Typical setup: 3–6 parallel channels installed on benches or ground stands.
Vertical towers are columnar systems where plants grow from holes along the sides. Water and nutrients are pumped to the top of each tower and cascade down through an internal distribution mechanism, wetting the roots at each level.
Best for: Lettuce, kale, basil, mint, chives, small fruiting plants like compact peppers.
Typical setup: Towers spaced 3–5 feet apart, each holding 20–40 planting sites.
This is often the deciding factor for commercial growers.
NFT systems are horizontal. A standard 40-foot NFT channel occupies about 3–4 feet in width (including access space). Yield per square foot is predictable but limited to the channel area. To increase production, you add more channels or stack them vertically — but stacking NFTs limits light penetration and airflow.
Vertical towers are designed for height.

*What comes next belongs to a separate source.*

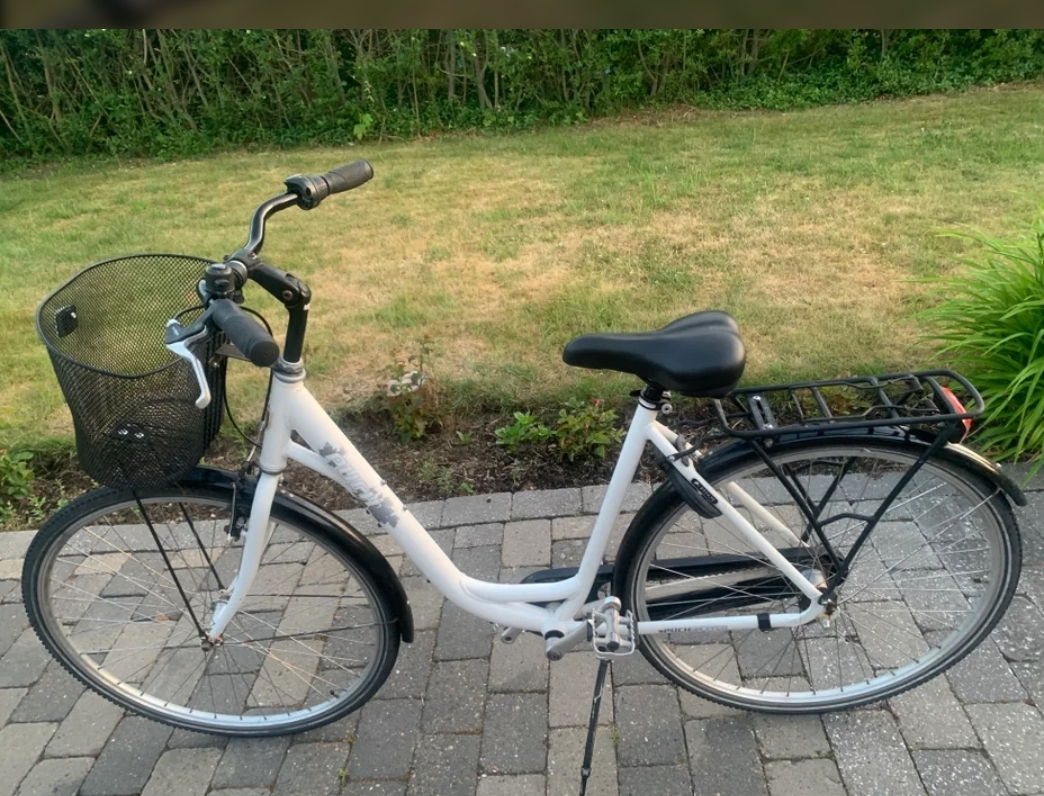 Hvid damecykel stjålet i Silkeborg midtby d. 29. juni. Sort cykelkurv foran.

A single 5-foot tower occupies just 1 square foot of floor space but provides 30–40 planting pockets. In a 1,000 sq. ft. greenhouse, you can install hundreds of towers, achieving 3–5 times higher plant density than NFT.
Winner for raw yield per floor area: Vertical towers.
However, density isn't everything. NFT systems still produce excellent yields per channel, with easier access to all plants at waist height.
Here's where NFT has a strong advantage.
NFT's thin nutrient film ensures every plant along a channel receives identical nutrient concentration and flow. This leads to highly uniform growth — critical for commercial harvests where consistency drives customer satisfaction.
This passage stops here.